The hearing board report said Jackson “made numerous statements disparaging the integrity and qualifications of judges, which were unfounded and made with reckless disregard as to their truth or falsity. He also made derogatory remarks about opposing counsel and gratuitous statements graphically depicting a sexual assault of fictional persons.”

At some point, the Cook County, Illinois, State’s Attorney’s office obtained an order of protection against Jackson that barred him from the criminal courthouse, the hearing board said. The order was later modified to allow Jackson to enter the courthouse if accompanied by sheriff’s deputies.

In court filings, Jackson:

  • Alleged that the first judge in the case was biased against him and criticized the judge for an in-chambers meeting with a prosecutor. The judge had told Jackson that he and the prosecutor were discussing closed cases and DNA evidence.

  • Said the judge “forever foreclosed his ability to be a fair judge” in matters involving Cook County prosecutors. Jackson said the “miscreant behaviors” of the judge and the prosecutor were “in a word, stupid.” And he said the judge “mirrors in clone-like fashion the Jack Nicholson character Colonel Nathan Jessup in A Few Good Men, a narcissist with unchecked hubris freely and knowingly violating rules he considers being nothing more than inconvenient nuisances.”

  • Included a graphic description of the abduction of two “Jewish females,” a “mother and pre-bat mitzvah daughter,” and the rape of the fictional daughter by “Guy Black, aka ‘Meatman,’ a moniker bestowed on Guy because of his physical endowment.”

  • Wrote: “What better way to emasculate a cadre of African American and Hispanic male defendants than to have them prosecuted by white women at the direction of a pseudo Black woman guided by a Jewish man, and under the presiding control of a white judge, who in turn meets in private with the Jewish man in promoting the goals of the pseudo Black woman?” Jackson said his mention of a “pseudo Black woman guided by a Jewish man” was a reference to Cook County State’s Attorney Kimberly Foxx and his opposing counsel.

  • Alleged that judges are demonstrating “extremely diabolical prejudice” against him, and that one of the judges is “woefully intellectually challenged.”

  • Said “a Jew or white man” would never be banned from the courthouse as he was. The requirement that he be accompanied by deputies, he said, was akin to ordering a Jewish man to “take this train to mandatory summer camp.”

  • In a motion titled “Modern-Day Emmett Till,” said one white female prosecutor was “entirely unattractive,” although she “thankfully she lacks the feminine hygiene slight body odor of her former co-prosecutor.”

  • In a motion for a change of venue, said Cook County judges “have concertedly manifested a street-gang psychosis of protecting its imagined turf and fellow members instead of following the law.”

The hearing board said Jackson’s misconduct was “egregious.” His unfounded attacks on the judiciary undermined public confidence in the administration of justice, the board found. And his statements about opposing counsel “were reprehensible and have no place in the practice of law,” the hearing board said.

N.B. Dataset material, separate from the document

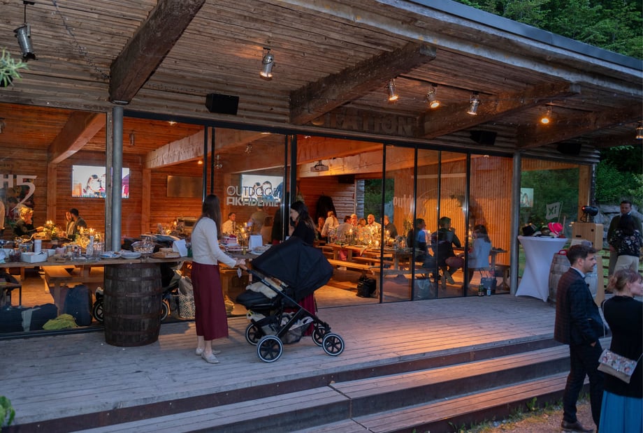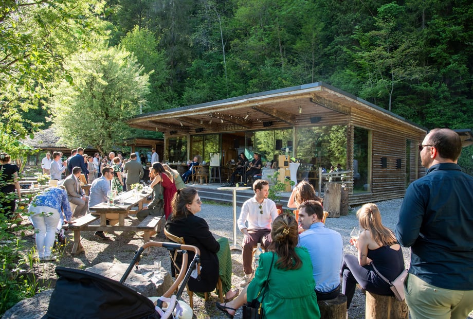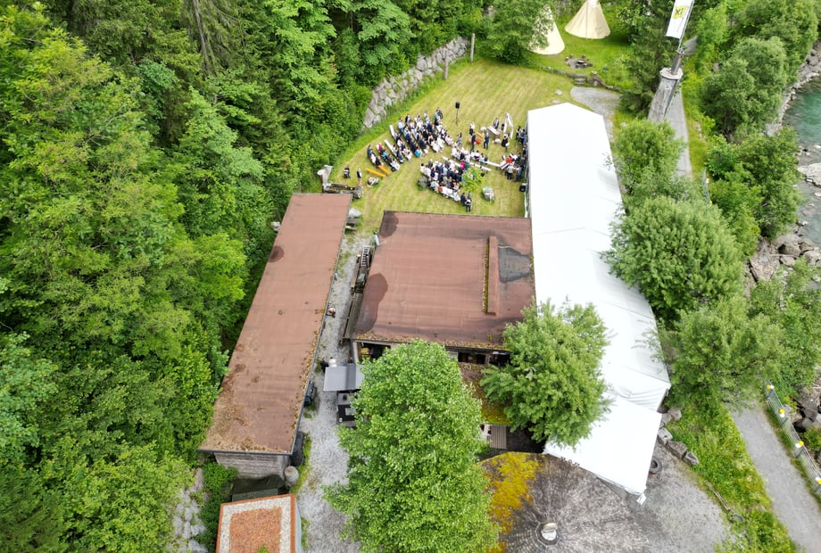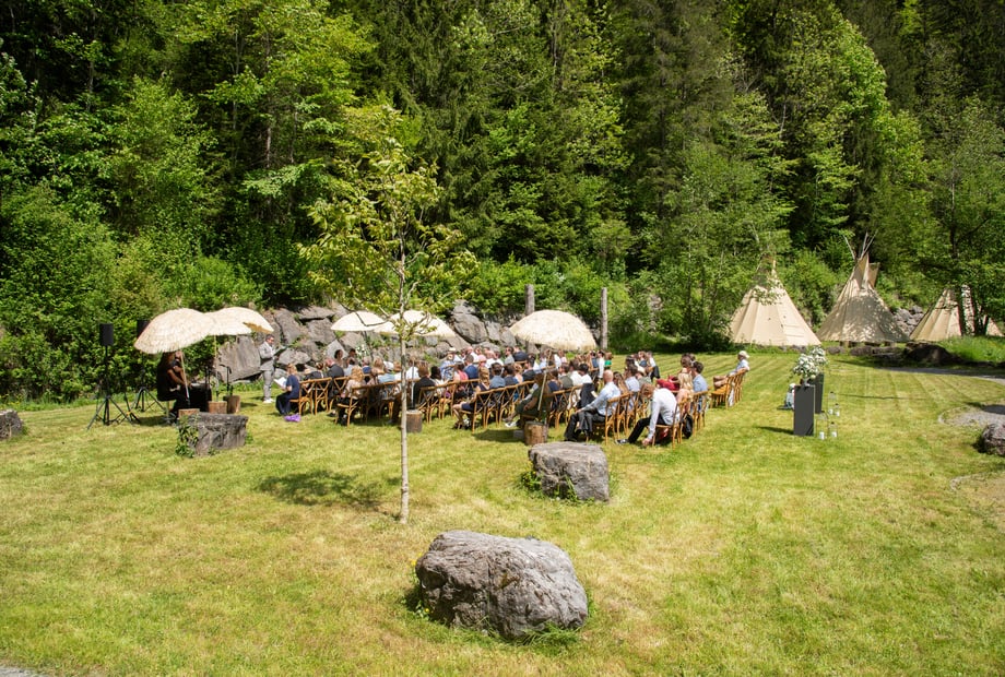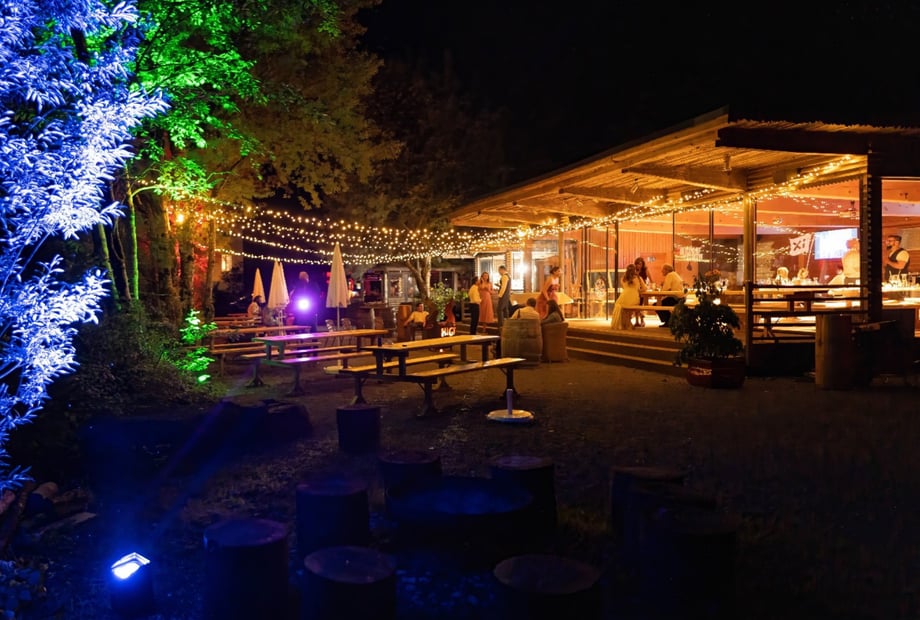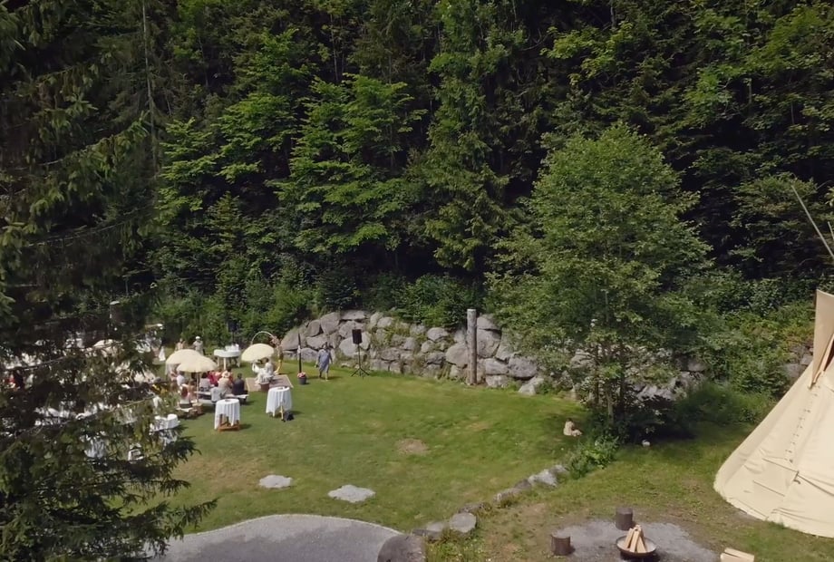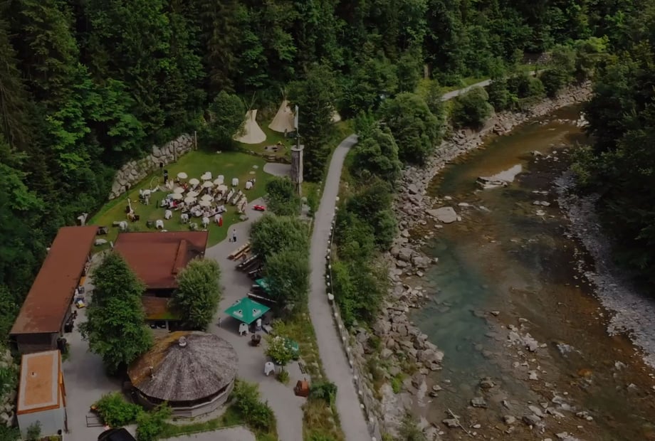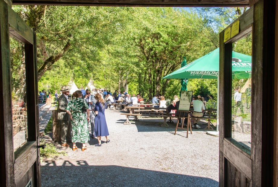 Das H an der Ach bietet Platz für bis zu 120 Gäste – und bei Bedarf sogar für bis zu 220, dank zusätzlicher Zelte. Das Highlight ist die „Hochzeitswiese“: ein idyllischer Ort direkt am Wasser, umgeben von saftigem Grün und einer beeindruckenden Felswand – perfekt für Ihre freie Trauung. Für die Feier steht die wetterfeste „Station“ bereit, ausgestattet mit einer Tanzfläche für 100 Personen sowie moderner Technik für Musik und Präsentationen. Die „Kaituna Bar“ und gemütliche Tipis schaffen eine entspannte, abenteuerliche Stimmung, die Ihre Hochzeit besonders macht.

In aggravation, the remarks were part of a pattern, he made multiple remarks displaying hostility to Jewish people, and he “displayed little to no recognition of or remorse for the impact his derogatory remarks had on others.” He continues to maintain that his remarks were justified.

Factors in mitigation included a lack of prior discipline, his cooperation in the proceedings, and a character reference from a person who knew him while a federal prosecutor.

“In addition,” the board said, although Jackson “denied that the stress of representing his brother in a murder trial affected his behavior, the fact that the misconduct was related only to that representation suggests otherwise.”

Jackson did not immediately respond to a phone message left at the number on file for him with the Illinois Attorney Registration and Disciplinary Commission.

Reuters covered the recommendation, while the Legal Profession Blog had highlights from the report.